╔══
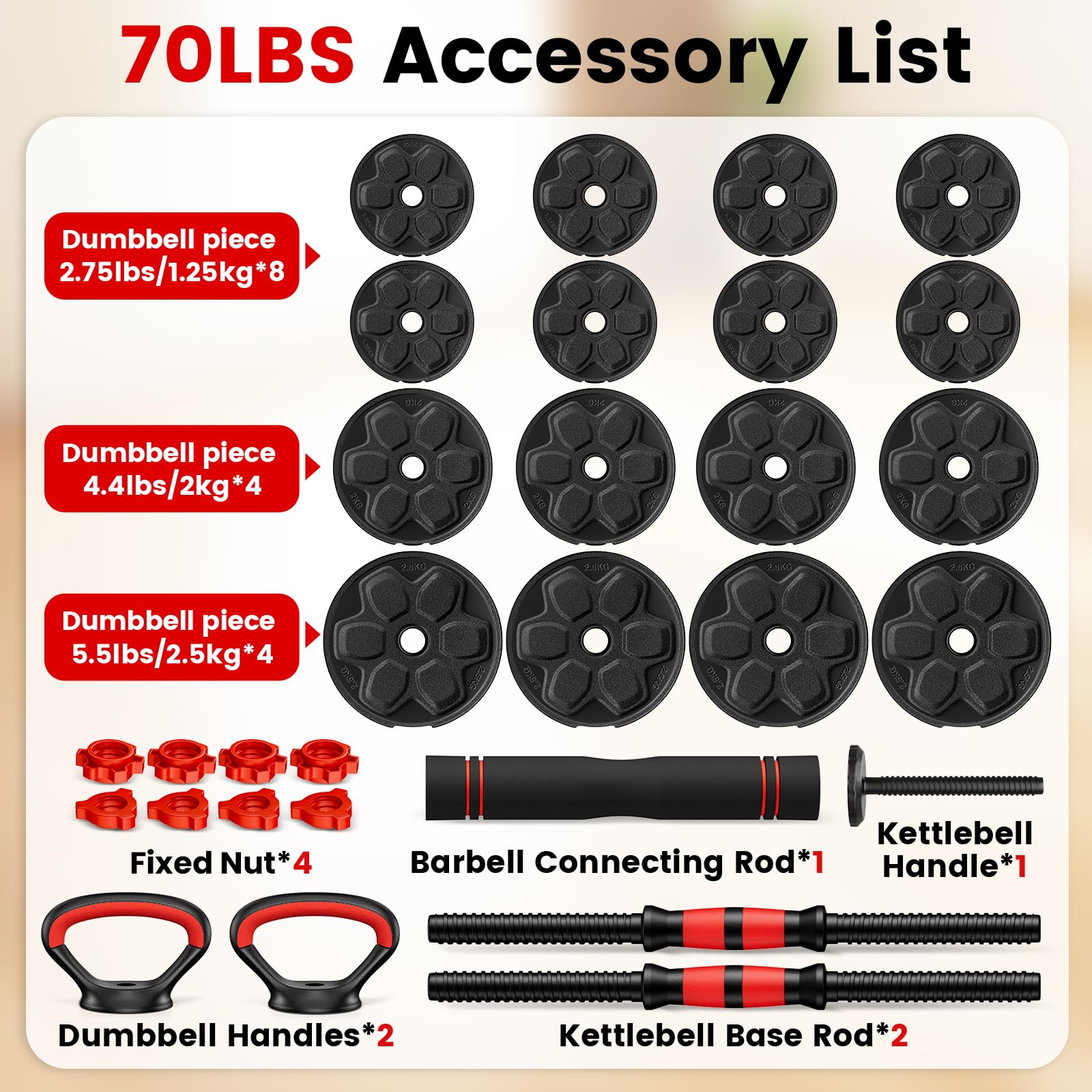 - 【Free Choice of Weight】The weight set's detachable design increases the flexibility of use. the single dumbbell is adjustable from 5-22 lbs, barbells: 8-47 lbs, and kettlebells: 5-23lbs. Effectively meeting your different exercise needs during various stages.Installation is simple.
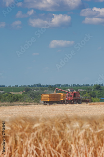 Fototapeta premium Tractors harvest wheat on the field
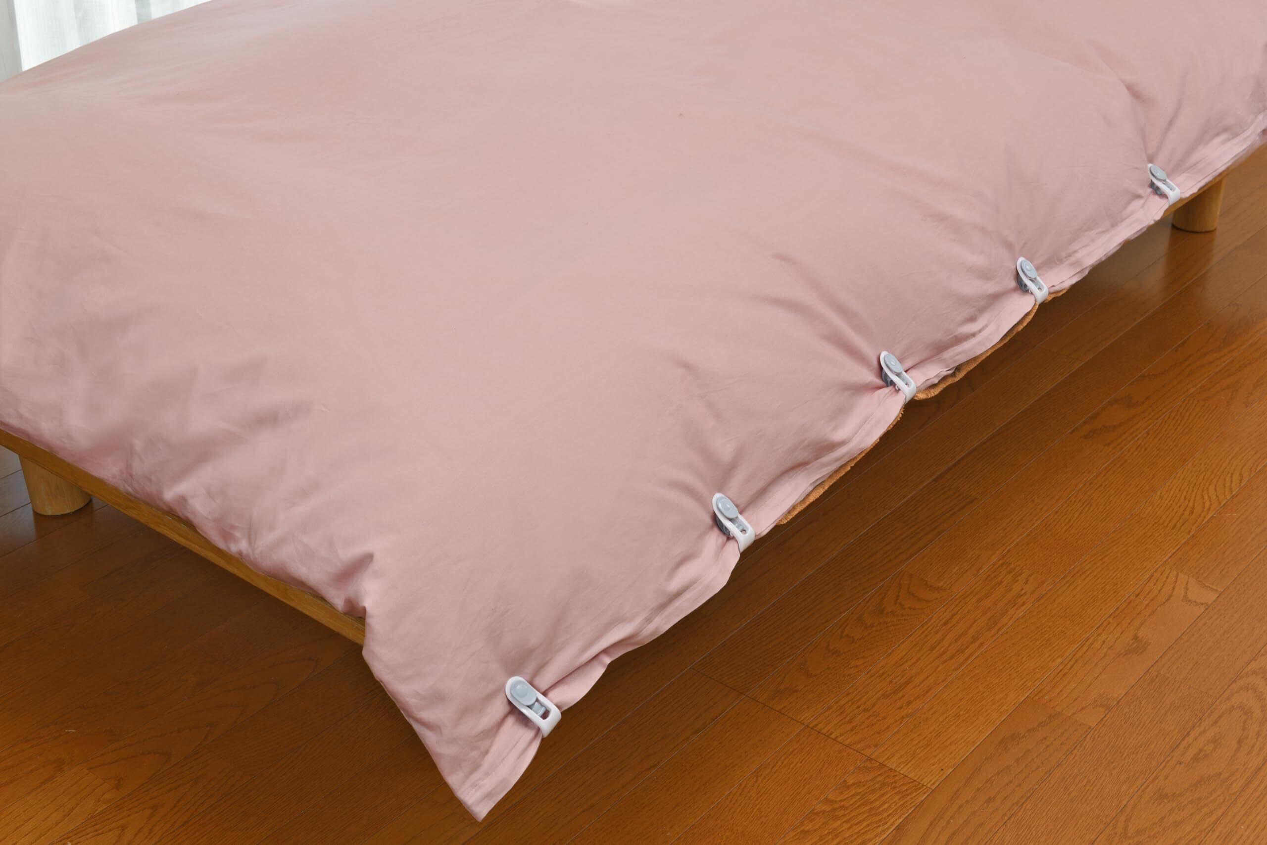 布団とシーツをクリップで挟むことで布団がシーツから離れないようにします。
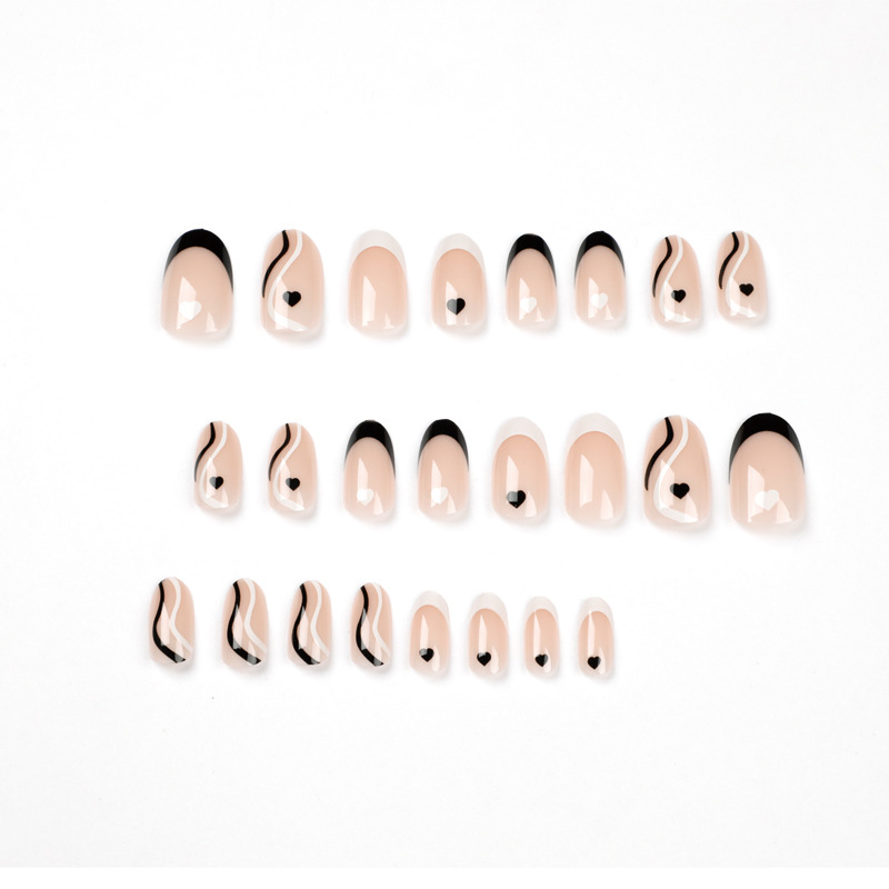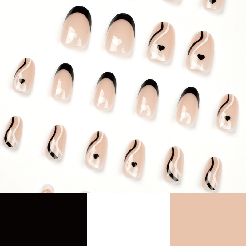 / 美甲甲片穿戴甲 法式黑白拼色甲片成品批发黑白波浪爱心美甲批发
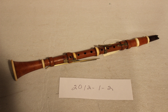 A wooden clarinet, made by Asa Hopkins, made in four section with ivory rings at each join and at the base of the clarinet. The mouthpiece is of a dark wood with rows of horizontal incised lines. There are seven holes and seven brass keys. The joints are wrapped in thread for traction, Stamped, "LITCHFIELD, CONN" at top below mouthpiece and "ASA HOPKINS/LITCHFIELD/CONN" at bottom above bell end.
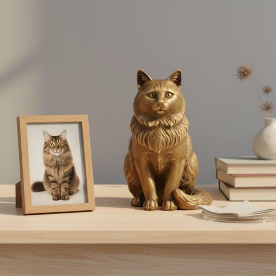 Experience a faithful replica of your pet—captured at true scale and reproduced with exact likeness. Using your photos, we rebuild the overall form, posture, and presence so the finished statue matches the original from every angle. A one-to-one recreation that feels instantly familiar, ideal for display, remembrance, or gifting.
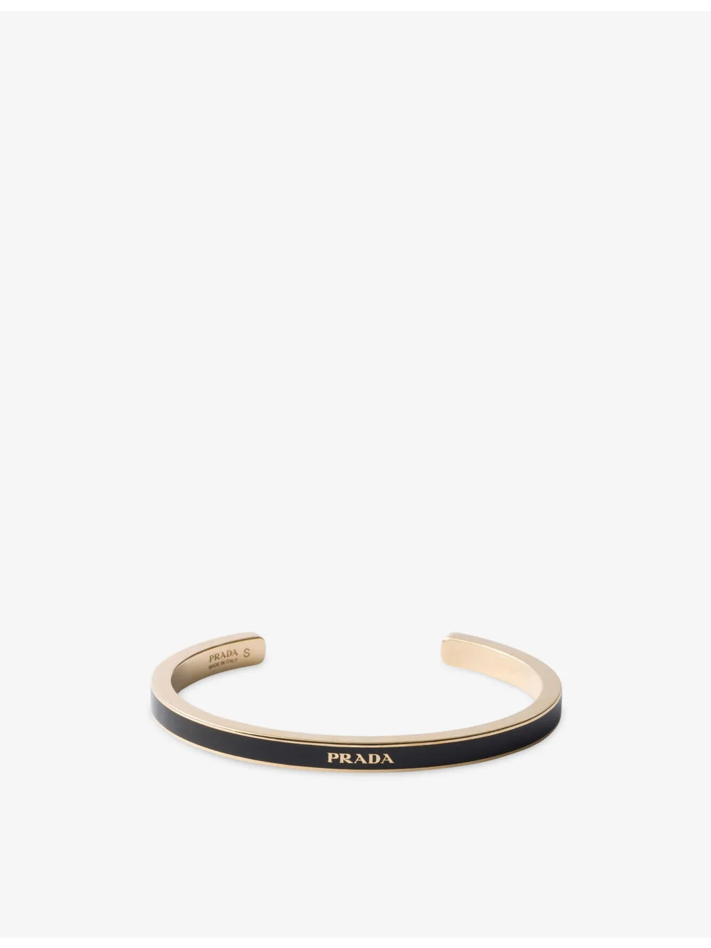 PRODUCT DETAILS - Prada metal bracelet - 100% metal - Slips on - Cuff design enamelled logo, gold-tone - Width: 6cm - Wipe with a clean, dry cloth Ref: R04615878
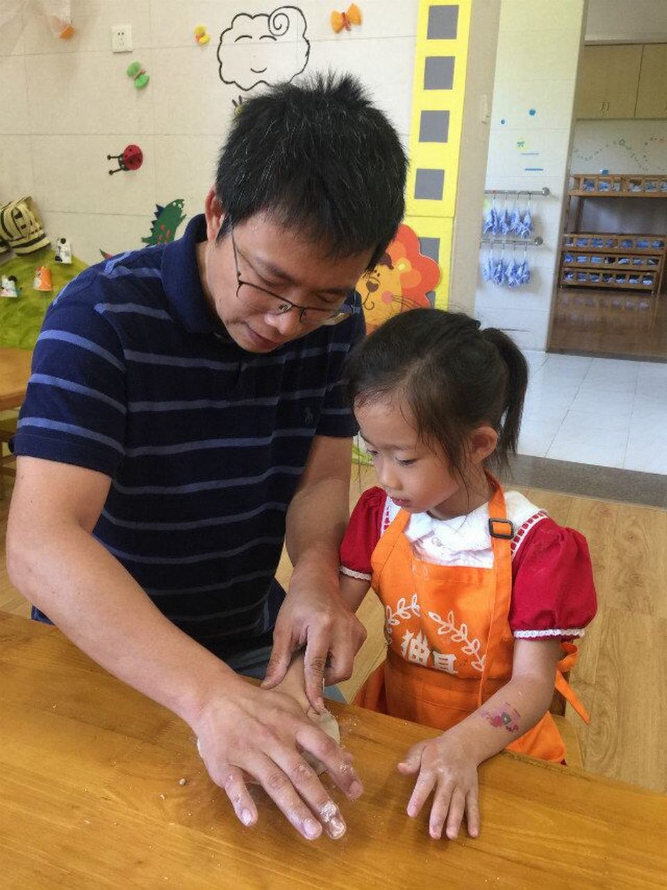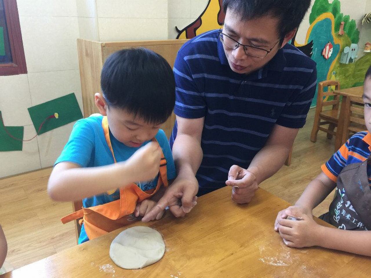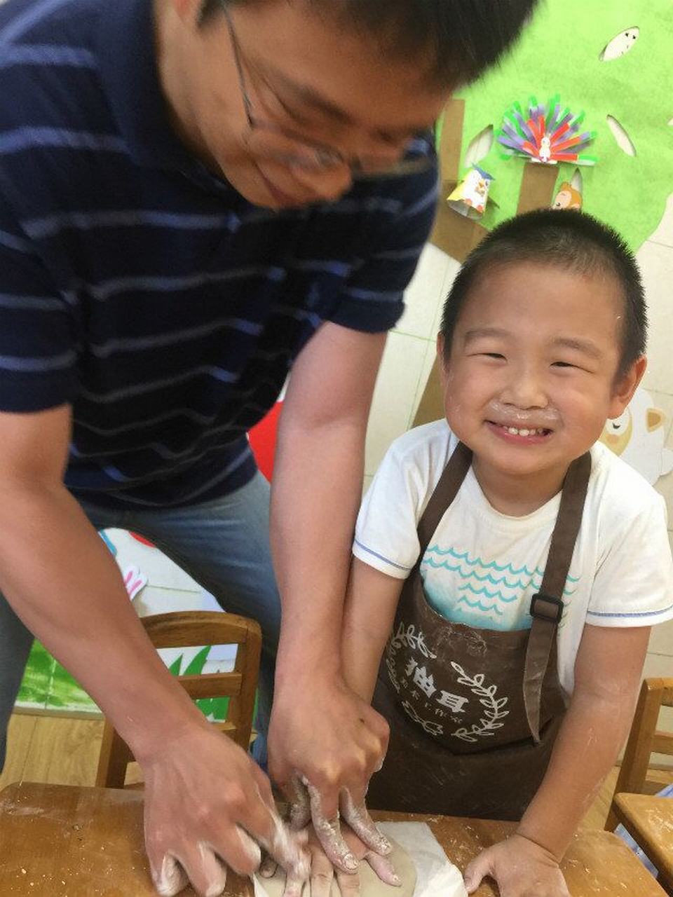 来给小朋友们上课的,就是刘简尔小朋友的爸爸,作为专业的儿童美术培训专家一出手就不同凡响!这次给小朋友们准备的是陶土泥塑。来来来,老师一起来帮忙,围裙围起来,准备开始啦!
╚══
:: Your objective ::
Pictures are not part of the copy. Reproduce the lines from the one with "Fototapeta premium Tractors" through the end of the listing above.

:: Solution to this task ::
 Fototapeta premium Tractors harvest wheat on the field
 布団とシーツをクリップで挟むことで布団がシーツから離れないようにします。
 / 美甲甲片穿戴甲 法式黑白拼色甲片成品批发黑白波浪爱心美甲批发
 A wooden clarinet, made by Asa Hopkins, made in four section with ivory rings at each join and at the base of the clarinet. The mouthpiece is of a dark wood with rows of horizontal incised lines. There are seven holes and seven brass keys. The joints are wrapped in thread for traction, Stamped, "LITCHFIELD, CONN" at top below mouthpiece and "ASA HOPKINS/LITCHFIELD/CONN" at bottom above bell end.
 Experience a faithful replica of your pet—captured at true scale and reproduced with exact likeness. Using your photos, we rebuild the overall form, posture, and presence so the finished statue matches the original from every angle. A one-to-one recreation that feels instantly familiar, ideal for display, remembrance, or gifting.
 PRODUCT DETAILS - Prada metal bracelet - 100% metal - Slips on - Cuff design enamelled logo, gold-tone - Width: 6cm - Wipe with a clean, dry cloth Ref: R04615878
 来给小朋友们上课的,就是刘简尔小朋友的爸爸,作为专业的儿童美术培训专家一出手就不同凡响!这次给小朋友们准备的是陶土泥塑。来来来,老师一起来帮忙,围裙围起来,准备开始啦!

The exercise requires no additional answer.